[Records to use]
------------
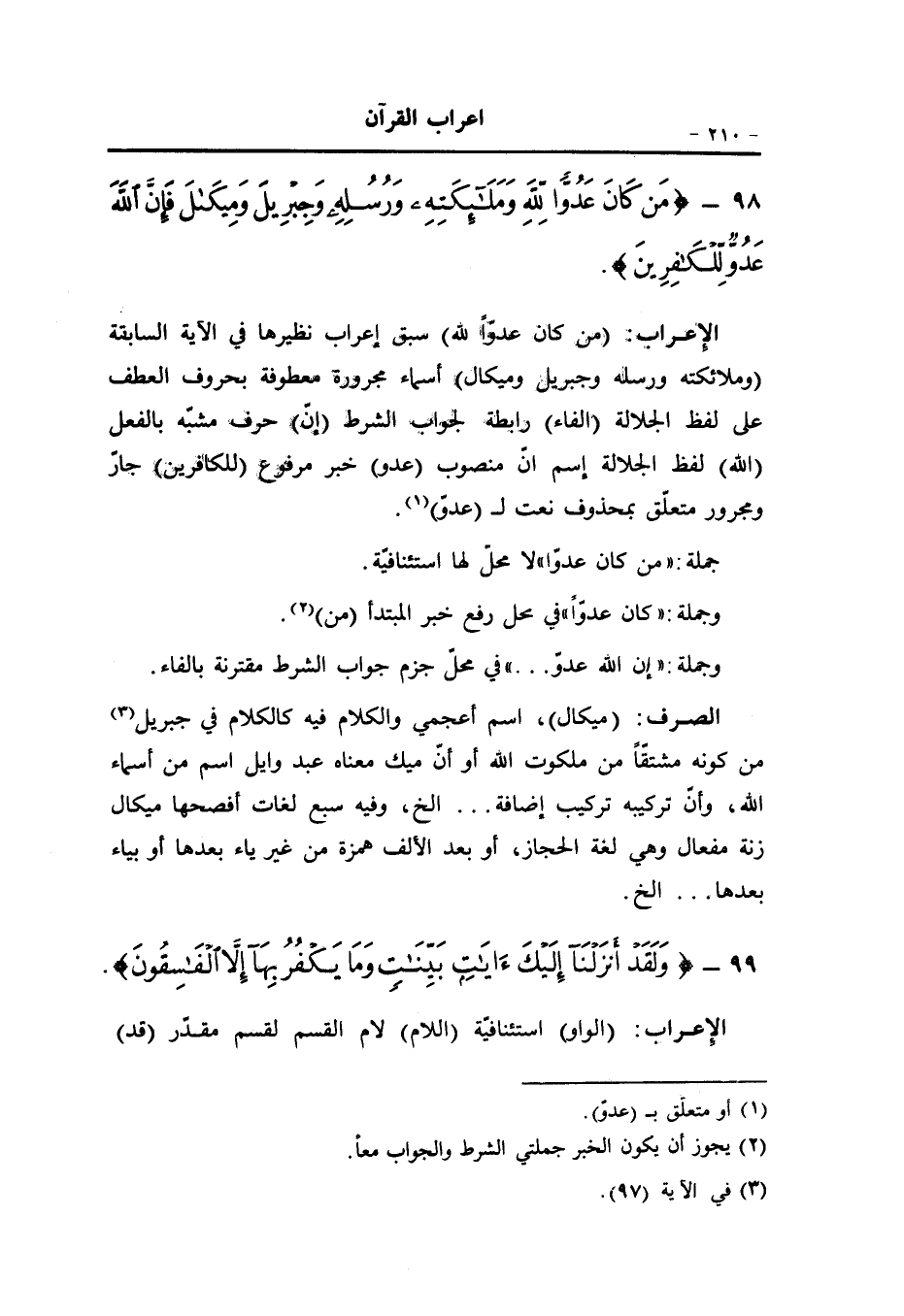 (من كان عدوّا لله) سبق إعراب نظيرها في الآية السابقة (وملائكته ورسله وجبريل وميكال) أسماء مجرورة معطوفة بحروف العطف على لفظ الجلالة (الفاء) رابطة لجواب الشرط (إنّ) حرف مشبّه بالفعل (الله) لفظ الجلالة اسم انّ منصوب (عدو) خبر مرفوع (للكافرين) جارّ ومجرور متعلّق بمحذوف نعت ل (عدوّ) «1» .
------------
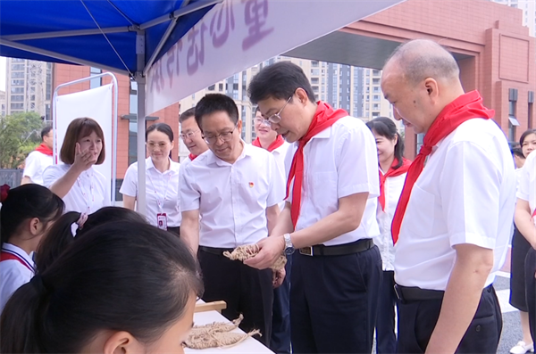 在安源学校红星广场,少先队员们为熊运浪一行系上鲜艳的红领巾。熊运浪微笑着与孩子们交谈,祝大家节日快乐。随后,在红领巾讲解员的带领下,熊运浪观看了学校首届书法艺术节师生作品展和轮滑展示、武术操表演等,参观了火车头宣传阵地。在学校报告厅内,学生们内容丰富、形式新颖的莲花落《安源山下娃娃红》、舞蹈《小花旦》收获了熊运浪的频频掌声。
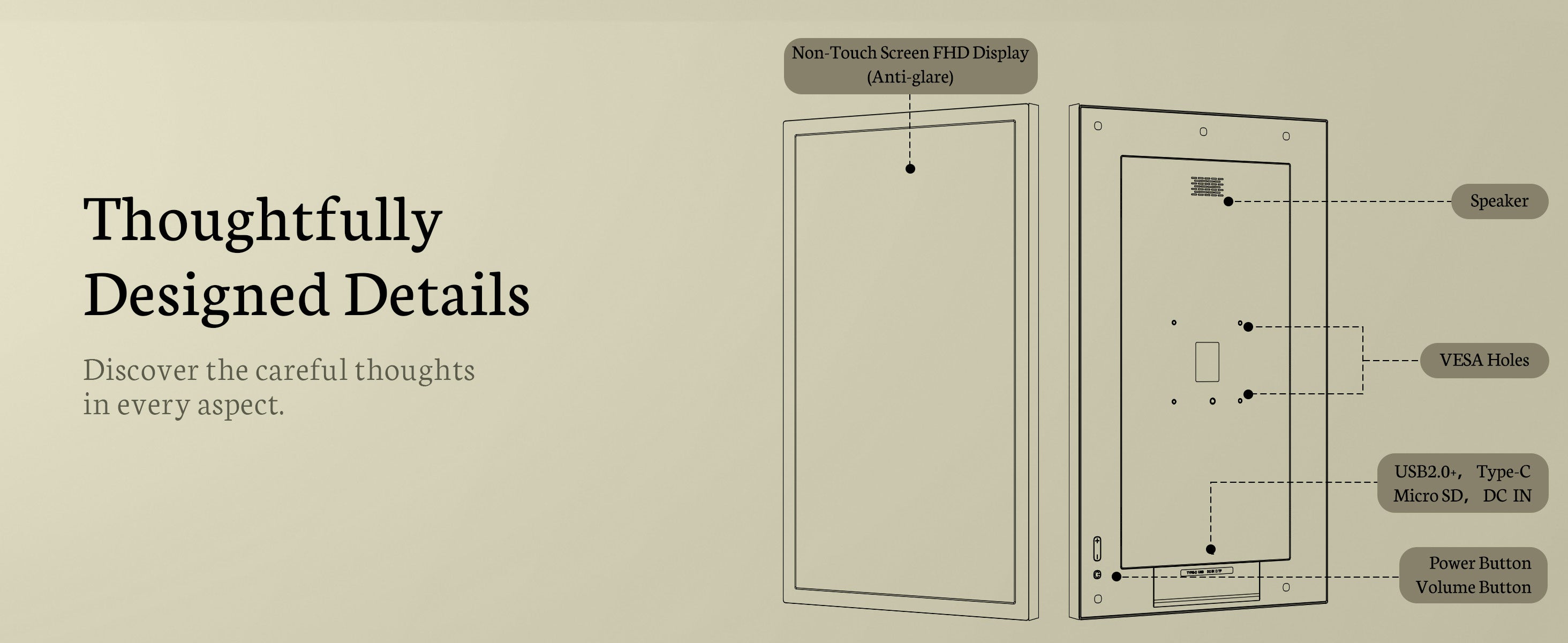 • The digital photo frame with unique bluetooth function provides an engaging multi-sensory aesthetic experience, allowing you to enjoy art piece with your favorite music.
------------
[Your assignment] Going by the data above, give back only the lines from the one containing "在安源学校红星广场,少先队员" through the one containing "your favorite music.", exactly as they stand, both ends included and no images.

[Output of the exercise]
 在安源学校红星广场,少先队员们为熊运浪一行系上鲜艳的红领巾。熊运浪微笑着与孩子们交谈,祝大家节日快乐。随后,在红领巾讲解员的带领下,熊运浪观看了学校首届书法艺术节师生作品展和轮滑展示、武术操表演等,参观了火车头宣传阵地。在学校报告厅内,学生们内容丰富、形式新颖的莲花落《安源山下娃娃红》、舞蹈《小花旦》收获了熊运浪的频频掌声。
 • The digital photo frame with unique bluetooth function provides an engaging multi-sensory aesthetic experience, allowing you to enjoy art piece with your favorite music.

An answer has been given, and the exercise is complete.